*What you will do*
Leaving out every picture, copy the lines of the data exactly, from the first through the line containing "To access the".

*Provided material*
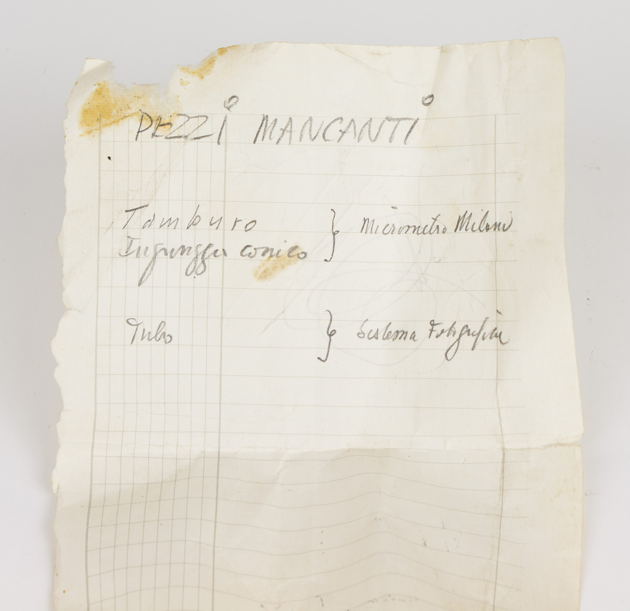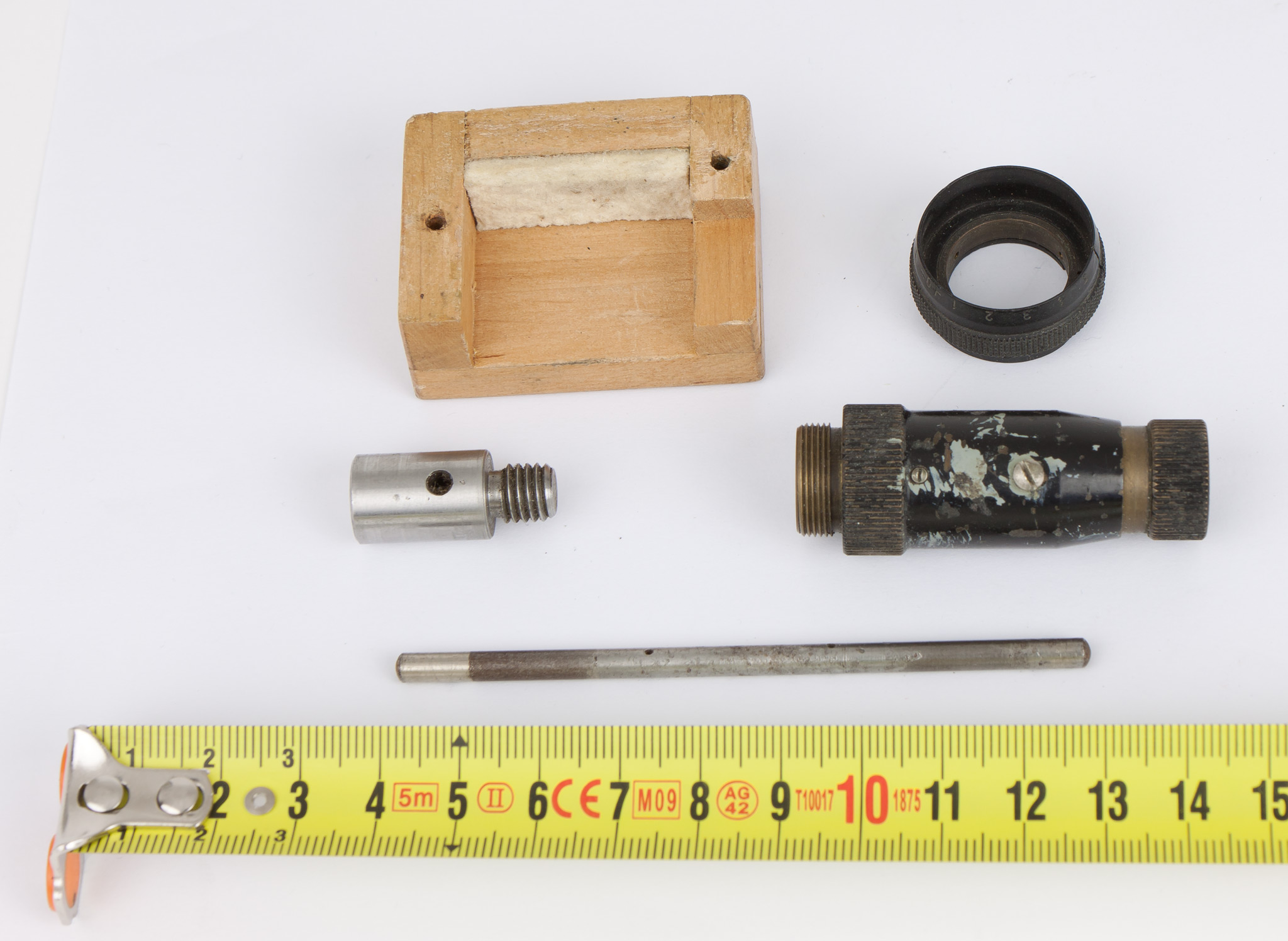 Askania) che contiene diverse parti di ricambio (alcune sfuse, altre
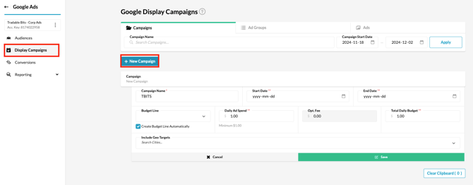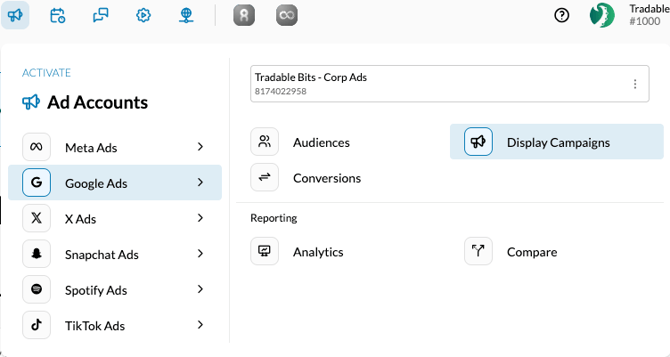To access the Smart Display Ads creation section, In the Tradable Bits Homepage, hover over the Ad Accounts section in the Top Navigation Bar, click Google Ads, select your desired ad account and click Display Campaigns. Ads Planner is the centralized location for the entire set up of Google Smart Campaigns.
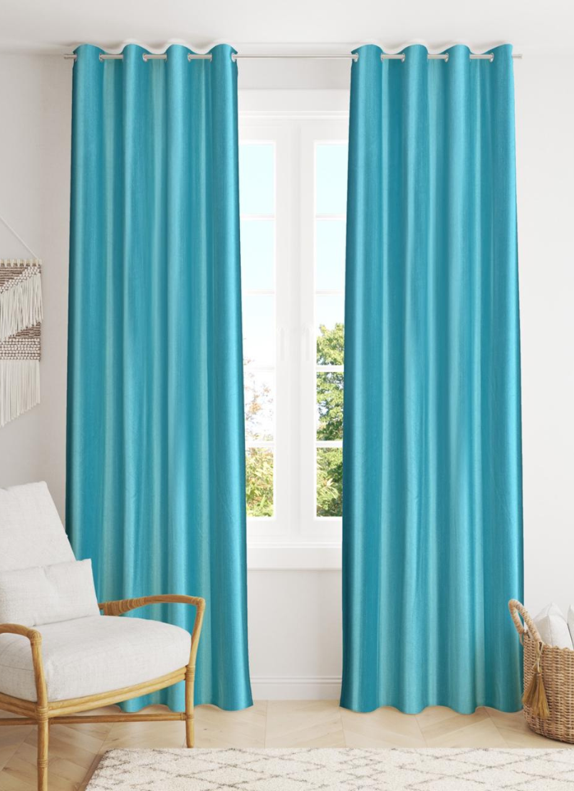 This Aqua blue color curtain, made of solid fabric with a smooth texture, adds a lively touch to any room. Hung using silver grommets, it ensures easy sliding and a modern look. Available in 4ft width with two length options of 7ft and 9ft, it's perfect for blocking light and enhancing privacy while providing a clean and polished appearance.
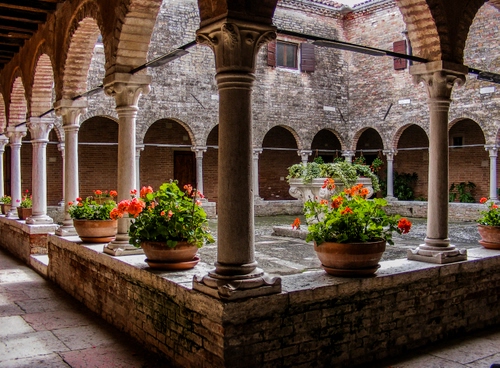 Tag: fiori, colonne, archi, vasi, chiostro, pozzo, finestre, rosso, verde, gerani, piante, portico, capitelli, colonnato.

*Exercise result*
 Askania) che contiene diverse parti di ricambio (alcune sfuse, altre
To access the Smart Display Ads creation section, In the Tradable Bits Homepage, hover over the Ad Accounts section in the Top Navigation Bar, click Google Ads, select your desired ad account and click Display Campaigns. Ads Planner is the centralized location for the entire set up of Google Smart Campaigns.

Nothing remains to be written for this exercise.